Directions for this task ▸ Within the entries below, please retype exactly the lines starting with the line that has "Mooie Agaat punt" and going on through the line that has "1.正時齒輪系:由曲軸齒輪、", but not the pictures.

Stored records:
################

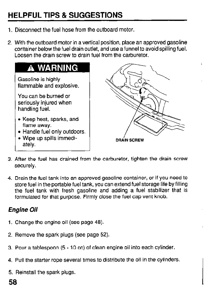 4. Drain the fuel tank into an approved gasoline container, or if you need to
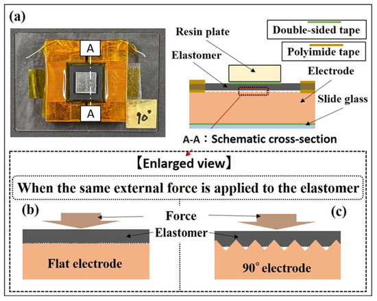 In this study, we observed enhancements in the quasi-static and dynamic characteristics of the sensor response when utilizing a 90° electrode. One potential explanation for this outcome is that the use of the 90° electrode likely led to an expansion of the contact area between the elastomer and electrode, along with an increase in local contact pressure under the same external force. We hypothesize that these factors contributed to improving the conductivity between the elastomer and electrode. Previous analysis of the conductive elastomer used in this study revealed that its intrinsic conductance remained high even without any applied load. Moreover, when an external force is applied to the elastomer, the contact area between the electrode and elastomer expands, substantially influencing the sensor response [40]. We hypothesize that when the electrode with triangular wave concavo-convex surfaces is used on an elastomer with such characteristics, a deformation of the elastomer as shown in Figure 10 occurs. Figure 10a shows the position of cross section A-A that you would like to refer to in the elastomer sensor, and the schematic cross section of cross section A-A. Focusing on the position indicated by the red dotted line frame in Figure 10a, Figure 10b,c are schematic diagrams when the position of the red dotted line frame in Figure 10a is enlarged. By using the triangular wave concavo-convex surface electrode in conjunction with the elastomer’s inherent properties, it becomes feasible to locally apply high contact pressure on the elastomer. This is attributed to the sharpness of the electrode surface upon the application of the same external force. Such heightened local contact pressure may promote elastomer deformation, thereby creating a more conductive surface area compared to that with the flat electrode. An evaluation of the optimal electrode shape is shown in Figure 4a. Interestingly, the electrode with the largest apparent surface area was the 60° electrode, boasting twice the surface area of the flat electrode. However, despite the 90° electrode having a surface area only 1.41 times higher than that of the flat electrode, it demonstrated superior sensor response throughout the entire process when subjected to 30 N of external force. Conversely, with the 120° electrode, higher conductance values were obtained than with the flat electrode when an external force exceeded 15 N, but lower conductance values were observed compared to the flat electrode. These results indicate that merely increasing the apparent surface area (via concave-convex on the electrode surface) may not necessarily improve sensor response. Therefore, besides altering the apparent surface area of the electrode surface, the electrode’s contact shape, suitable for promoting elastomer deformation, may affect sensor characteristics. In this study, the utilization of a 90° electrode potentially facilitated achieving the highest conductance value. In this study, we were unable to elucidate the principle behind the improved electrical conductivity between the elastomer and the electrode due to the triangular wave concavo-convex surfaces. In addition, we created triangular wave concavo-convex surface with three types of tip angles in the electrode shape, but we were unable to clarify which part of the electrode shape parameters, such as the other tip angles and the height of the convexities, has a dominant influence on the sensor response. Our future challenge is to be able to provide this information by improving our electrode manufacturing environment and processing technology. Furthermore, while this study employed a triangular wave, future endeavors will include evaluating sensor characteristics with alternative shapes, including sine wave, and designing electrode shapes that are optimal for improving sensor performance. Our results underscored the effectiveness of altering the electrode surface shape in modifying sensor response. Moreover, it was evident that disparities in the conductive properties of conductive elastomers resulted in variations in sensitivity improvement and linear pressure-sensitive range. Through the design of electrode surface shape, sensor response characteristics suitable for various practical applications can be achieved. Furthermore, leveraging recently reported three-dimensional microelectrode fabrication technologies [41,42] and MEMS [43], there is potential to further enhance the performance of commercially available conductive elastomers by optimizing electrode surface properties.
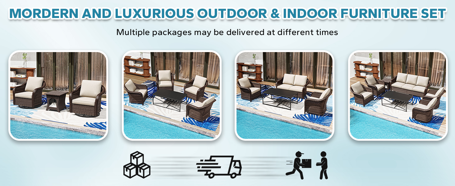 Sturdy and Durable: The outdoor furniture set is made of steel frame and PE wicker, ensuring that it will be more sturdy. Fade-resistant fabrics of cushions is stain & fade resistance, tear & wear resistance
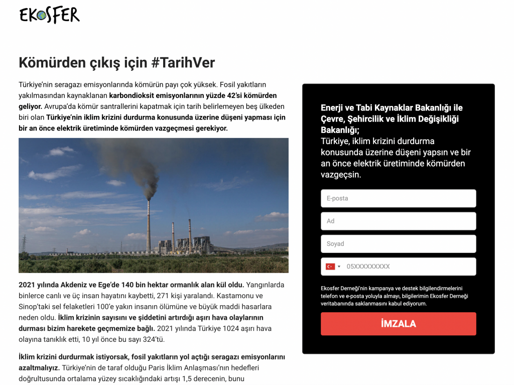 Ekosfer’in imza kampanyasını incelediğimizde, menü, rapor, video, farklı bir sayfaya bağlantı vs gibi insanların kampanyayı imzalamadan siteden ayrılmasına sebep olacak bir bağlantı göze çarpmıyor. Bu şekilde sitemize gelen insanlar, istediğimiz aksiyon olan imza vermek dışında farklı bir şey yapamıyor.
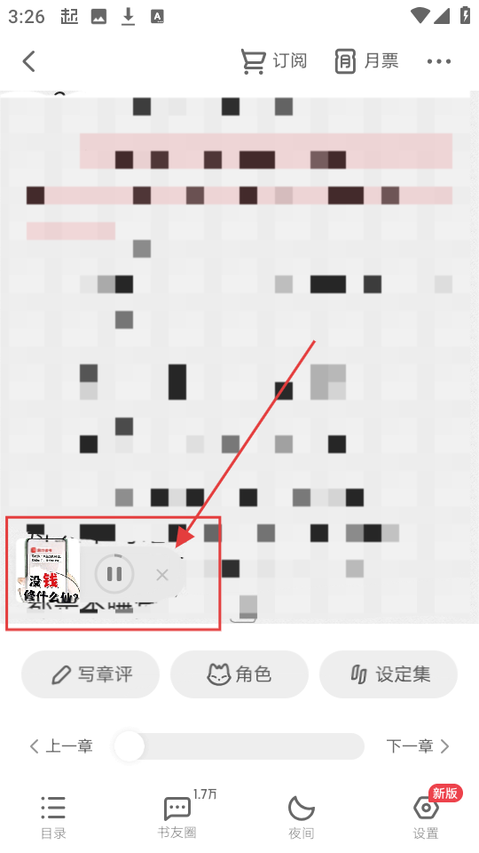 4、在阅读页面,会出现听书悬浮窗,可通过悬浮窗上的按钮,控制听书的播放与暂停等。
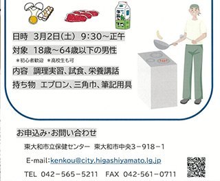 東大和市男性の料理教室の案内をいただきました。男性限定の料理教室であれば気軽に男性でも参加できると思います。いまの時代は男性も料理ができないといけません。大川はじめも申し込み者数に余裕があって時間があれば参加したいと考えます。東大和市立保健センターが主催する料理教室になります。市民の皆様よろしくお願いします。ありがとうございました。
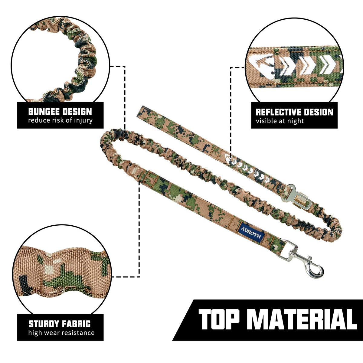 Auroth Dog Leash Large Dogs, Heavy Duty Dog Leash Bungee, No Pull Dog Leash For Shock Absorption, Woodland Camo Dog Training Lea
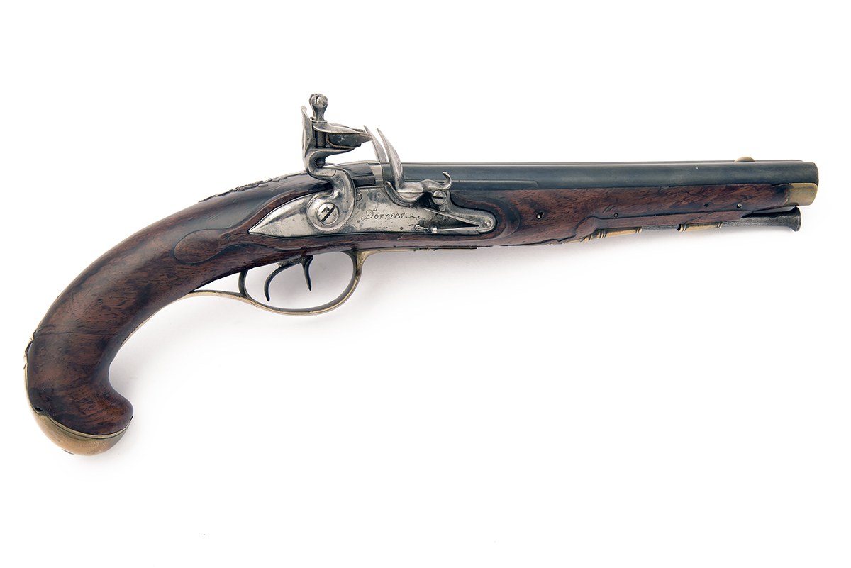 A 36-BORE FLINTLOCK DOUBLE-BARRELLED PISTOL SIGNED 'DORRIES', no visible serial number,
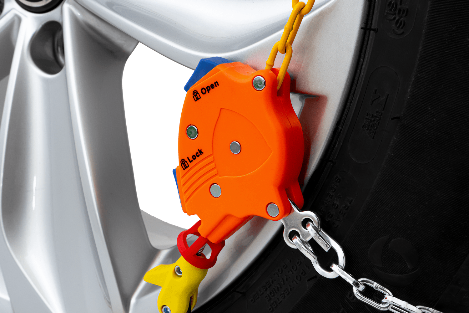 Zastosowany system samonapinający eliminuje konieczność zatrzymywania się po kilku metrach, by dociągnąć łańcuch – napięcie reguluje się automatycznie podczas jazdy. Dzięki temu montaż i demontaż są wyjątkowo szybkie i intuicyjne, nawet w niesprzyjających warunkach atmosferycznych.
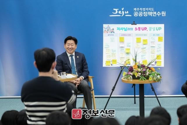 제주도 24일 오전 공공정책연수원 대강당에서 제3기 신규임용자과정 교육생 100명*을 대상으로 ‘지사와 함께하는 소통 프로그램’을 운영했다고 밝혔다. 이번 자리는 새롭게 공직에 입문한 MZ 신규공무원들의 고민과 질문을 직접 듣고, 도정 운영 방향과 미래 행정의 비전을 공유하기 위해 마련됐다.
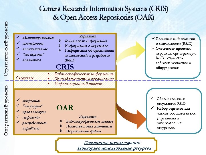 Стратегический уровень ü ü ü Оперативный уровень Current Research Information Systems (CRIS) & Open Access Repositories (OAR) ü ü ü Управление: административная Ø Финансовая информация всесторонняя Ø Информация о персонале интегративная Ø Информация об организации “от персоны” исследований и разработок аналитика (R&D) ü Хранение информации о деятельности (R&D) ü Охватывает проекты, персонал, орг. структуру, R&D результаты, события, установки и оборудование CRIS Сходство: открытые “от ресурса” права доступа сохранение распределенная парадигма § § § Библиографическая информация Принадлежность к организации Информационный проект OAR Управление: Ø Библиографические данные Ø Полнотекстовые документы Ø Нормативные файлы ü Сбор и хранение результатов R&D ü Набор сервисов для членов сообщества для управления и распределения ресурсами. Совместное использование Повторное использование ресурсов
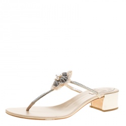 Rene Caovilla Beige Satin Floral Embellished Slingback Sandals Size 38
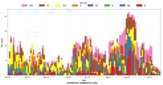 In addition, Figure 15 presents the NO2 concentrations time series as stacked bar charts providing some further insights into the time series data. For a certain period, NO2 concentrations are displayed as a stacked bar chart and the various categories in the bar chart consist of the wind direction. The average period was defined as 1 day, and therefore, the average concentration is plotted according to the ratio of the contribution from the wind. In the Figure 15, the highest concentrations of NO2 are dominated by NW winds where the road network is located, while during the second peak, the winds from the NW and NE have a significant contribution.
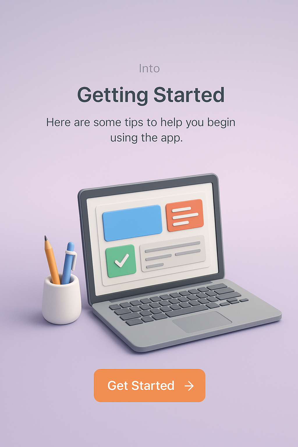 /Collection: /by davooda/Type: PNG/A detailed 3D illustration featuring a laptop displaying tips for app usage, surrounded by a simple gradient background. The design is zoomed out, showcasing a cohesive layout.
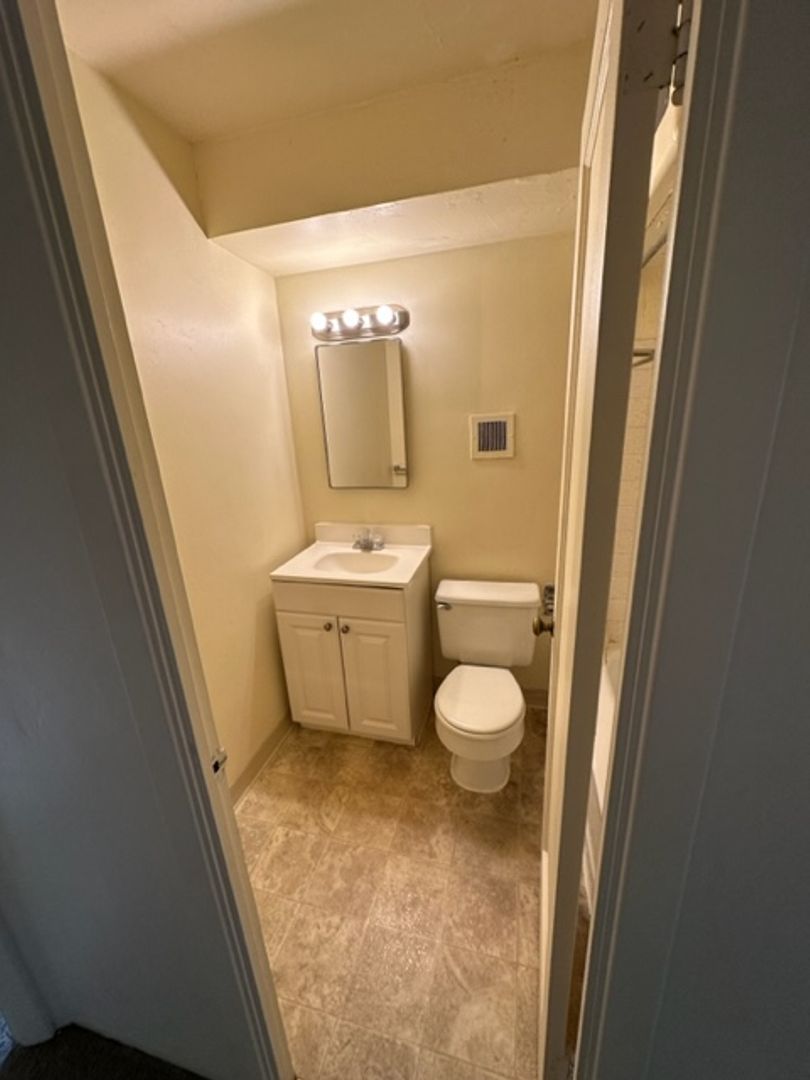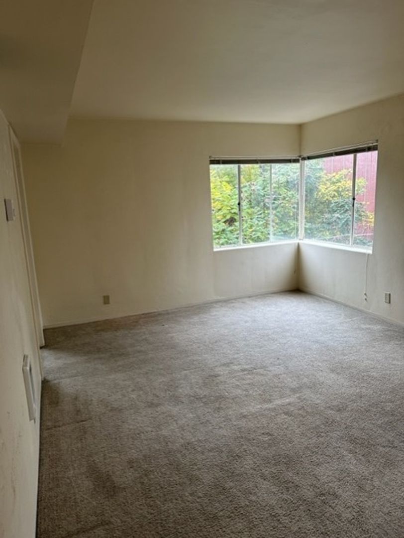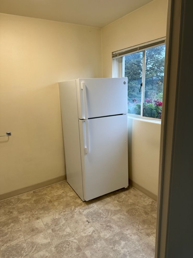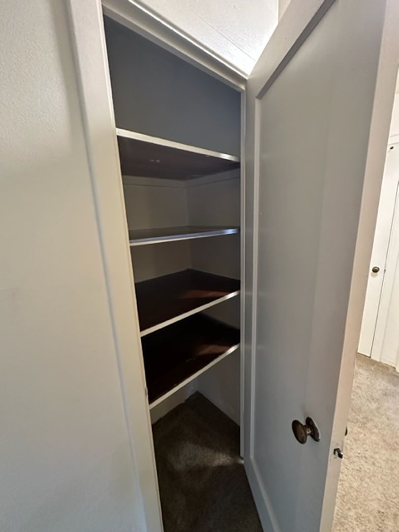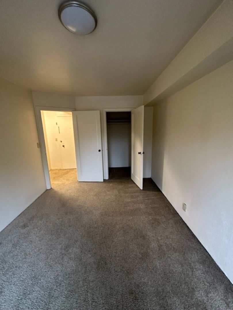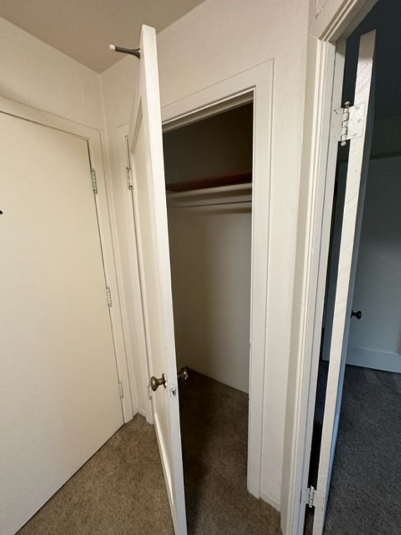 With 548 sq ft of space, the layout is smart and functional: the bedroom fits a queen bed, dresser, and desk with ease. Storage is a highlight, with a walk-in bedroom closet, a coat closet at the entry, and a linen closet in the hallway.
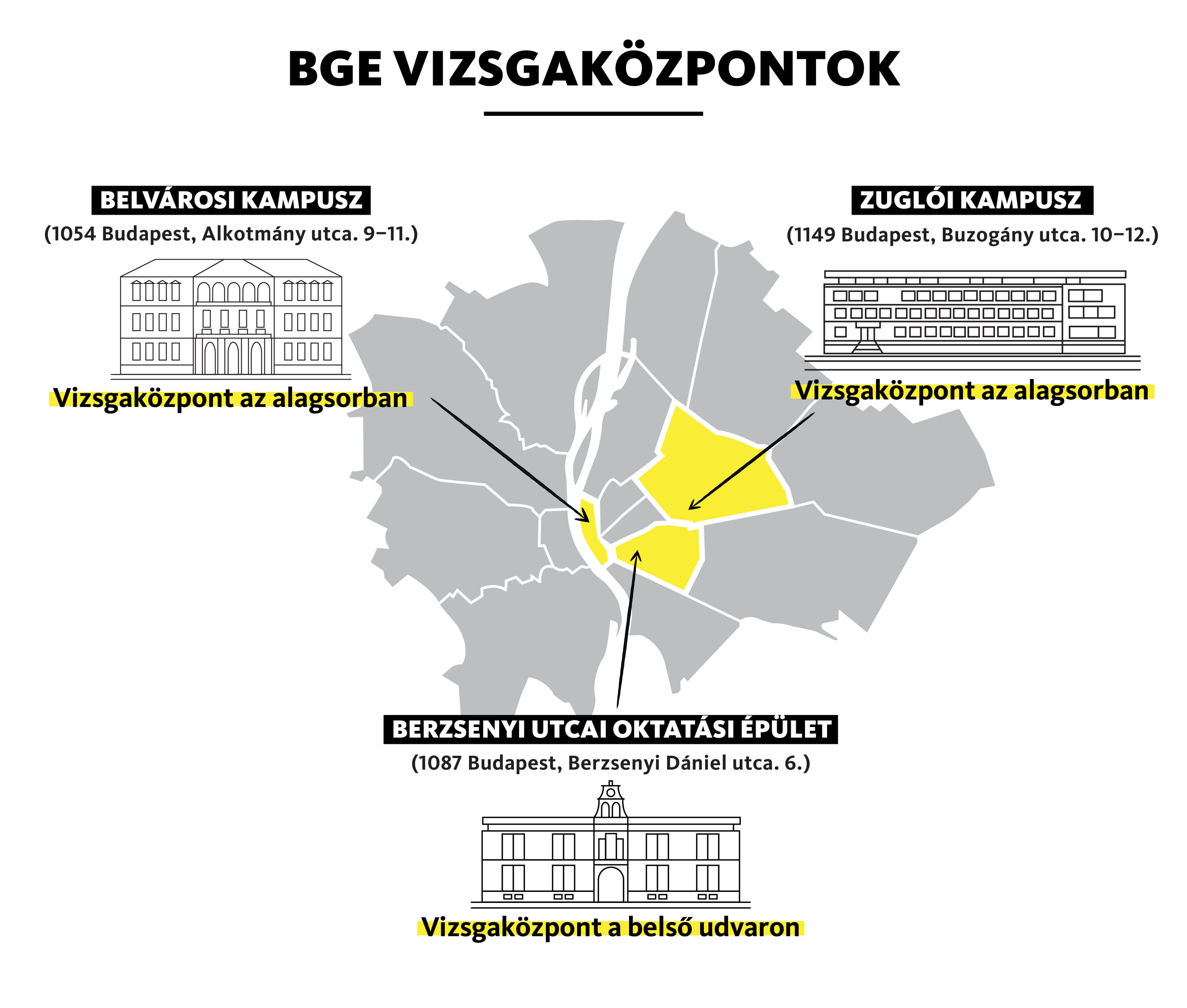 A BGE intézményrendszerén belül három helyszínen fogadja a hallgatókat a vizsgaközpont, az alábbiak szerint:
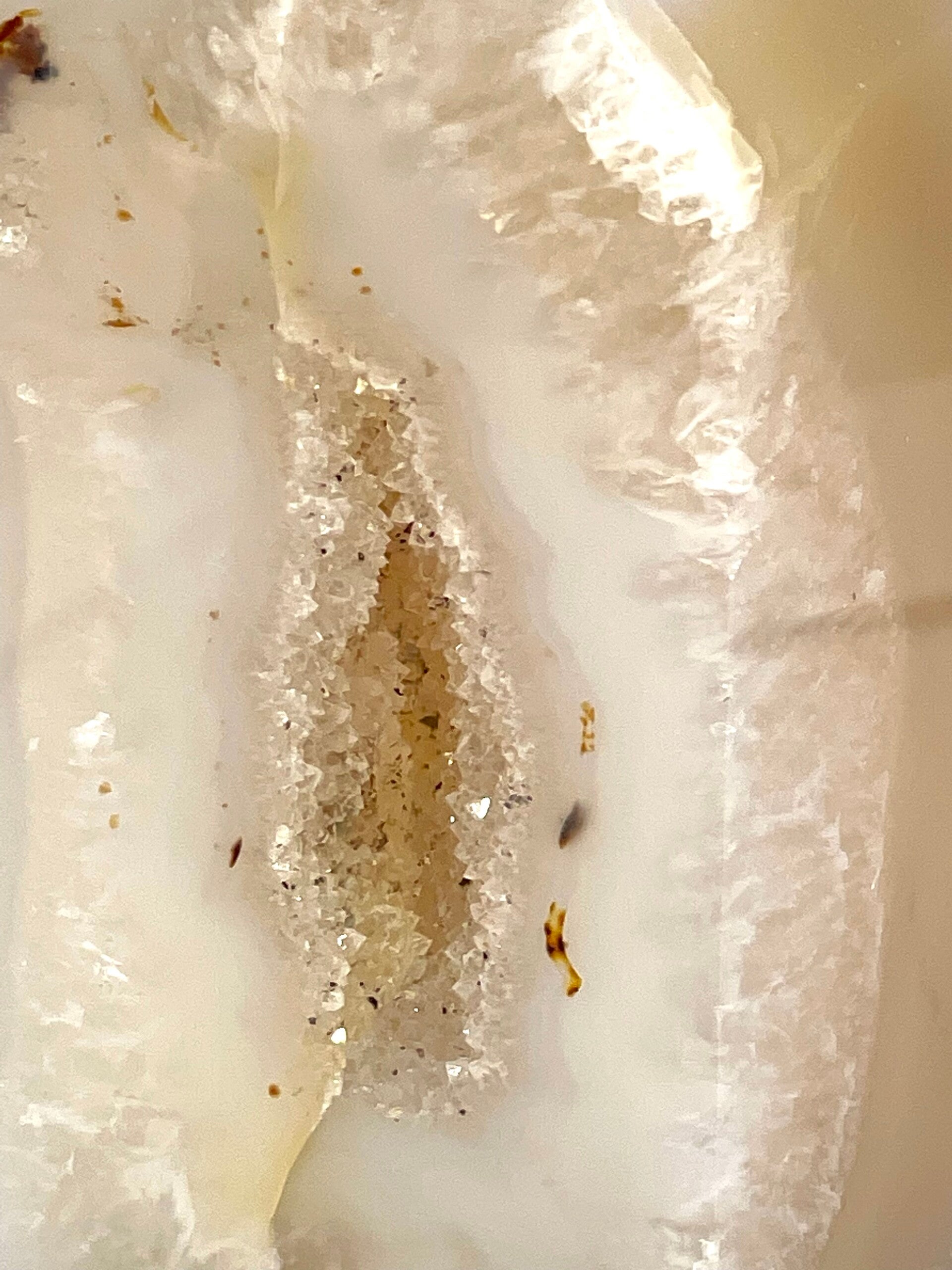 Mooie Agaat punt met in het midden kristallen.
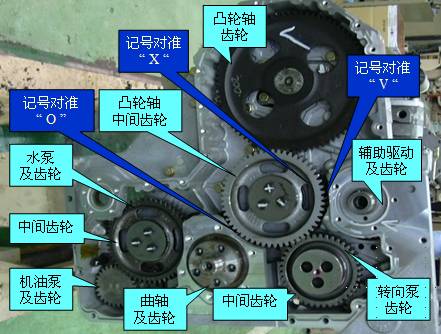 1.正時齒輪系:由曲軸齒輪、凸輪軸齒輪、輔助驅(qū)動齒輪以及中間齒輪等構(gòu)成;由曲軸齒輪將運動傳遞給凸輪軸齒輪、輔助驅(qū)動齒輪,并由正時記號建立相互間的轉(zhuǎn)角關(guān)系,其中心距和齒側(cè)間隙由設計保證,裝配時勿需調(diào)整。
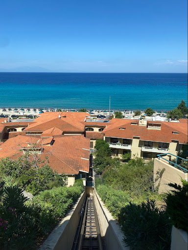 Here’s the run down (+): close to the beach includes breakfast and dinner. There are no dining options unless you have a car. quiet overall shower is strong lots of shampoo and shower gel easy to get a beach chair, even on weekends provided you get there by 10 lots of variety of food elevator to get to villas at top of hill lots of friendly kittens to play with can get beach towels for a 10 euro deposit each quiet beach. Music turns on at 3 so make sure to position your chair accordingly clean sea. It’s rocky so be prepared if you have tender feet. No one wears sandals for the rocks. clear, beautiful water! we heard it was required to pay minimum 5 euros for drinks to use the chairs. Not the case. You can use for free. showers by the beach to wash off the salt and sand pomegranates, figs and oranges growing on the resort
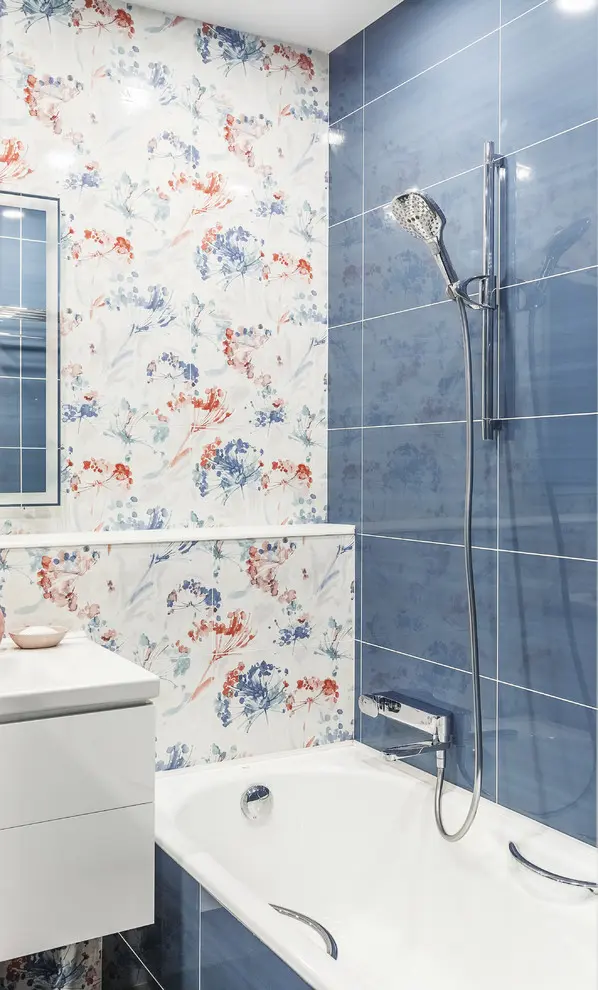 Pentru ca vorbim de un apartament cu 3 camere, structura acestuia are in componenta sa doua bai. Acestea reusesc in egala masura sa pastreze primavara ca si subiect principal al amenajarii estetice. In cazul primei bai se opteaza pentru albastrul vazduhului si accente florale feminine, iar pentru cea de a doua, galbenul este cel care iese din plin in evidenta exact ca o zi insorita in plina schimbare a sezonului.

################

Answer to the problem ▸
 Mooie Agaat punt met in het midden kristallen.
 1.正時齒輪系:由曲軸齒輪、凸輪軸齒輪、輔助驅(qū)動齒輪以及中間齒輪等構(gòu)成;由曲軸齒輪將運動傳遞給凸輪軸齒輪、輔助驅(qū)動齒輪,并由正時記號建立相互間的轉(zhuǎn)角關(guān)系,其中心距和齒側(cè)間隙由設計保證,裝配時勿需調(diào)整。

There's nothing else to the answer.